Thursday, February 28, 2013

Learning to Live with a Little Fear

What is it about getting things right that matters?  I mean really--I work with many competent people who I give permission (mentally or actually) to mess up or not know on a daily basis--but sometimes I fear doing those things myself.  Some people might not see that as problematic and could rationalize that as my having high standards for myself.  The trap in this way of thinking though, is that the fear of messing up can get in the way of my trying new things or make me regret rather than appreciate going through an inevitable learning curve. 

This lines up with something I read recently about risk taking and failure as the only real way to get better at something.  The writer was citing research findings from Harvard psychologist Daniel Gilbert whose work shows that we fear failure will hurt more than it does. Gilbert found not only that, but also that when we don't act because of that fear, the things we never did become the territory for regret.  Essentially, Gilbert's findings are that we should experience, experiment and fail rather than play it safe and "get it right." 

I can see that I have gravitated over time toward things I like, things that align with my strengths, and thus things I am good at.  There's nothing wrong with that on one level.  Honestly, it's a bit of a relief not to be trying to do it all--like the equivalent of taking flute lessons and learning to speak Spanish and going to soccer camp all at once when you were a little kid.  As I found hobbies I loved or academic subjects I preferred to study, though, and I went further and further in those directions, I moved farther away from what I didn't know or what pushed me outside my comfort zone.  I have gone in the direction of things I am good at--and this has led me farther and farther into comfort and away from risk.

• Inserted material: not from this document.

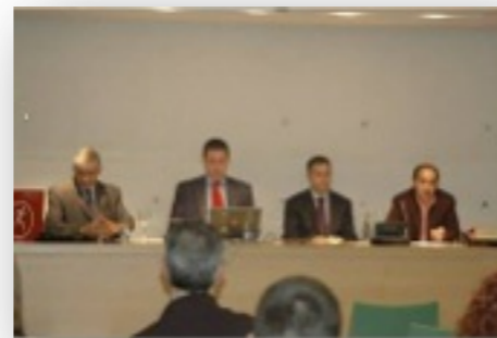
Jornada sobre señalización

As I experience less risk, I then become less comfortable with the fear.  For example, I have been working on several arm balances in my yoga practice.  If you ask me in the abstract what would be so bad about falling out of headstand or crow, I would say I might get a bump or bruise, or honestly worse that that, it might be embarrassing.  If you ask me if that is a big enough concern to stop me, I would say no.  Put me in a room full of other people doing yoga though and every time I go into headstand, I hit a moment of hesitation-- an instant of fear.  I typically push through it but it's amazing that it hasn't gone away!  The lesson I am finding there is about the importance of experiencing risk so that I have a tolerance for it--because I am beginning to see that the fear doesn't really go away as much as I get used to it, appreciate it, and need to remind myself that whatever I'm afraid of is not going to be that bad.










 

Friday, February 8, 2013

A Gift of Time and Space

One of the greatest gifts of being a teacher is a snow day--and not just because I get to sleep late.  I love the gift of time and space that a snow day brings. 

Instead of seeing the inconvenience of needing to get groceries in the crowds and then being trapped at my house, I appreciate the open space the storm creates.  In a storm, especially one predicted to be as nasty as the one currently blanketing much of New England, I can't run around and try to do too much--which might be my natural tendency on any other day when I am not at work.  It would be too physically dangerous in the midst of a blizzard.

As I sit here on my sofa, having crossed a few tasks off each to-do list I have, but also having watched a show that has been sitting on my DVR and having stared out the window a bit and having talked to my mom, and having given the dog a good scratch--none of which I would have planned to do if I had known I was going to have all these hours of time I didn't expect to have--I am appreciating the sense of space I suddenly feel. Why is it so hard to find this without the storm?  Why do I have to be surprised into keeping time free?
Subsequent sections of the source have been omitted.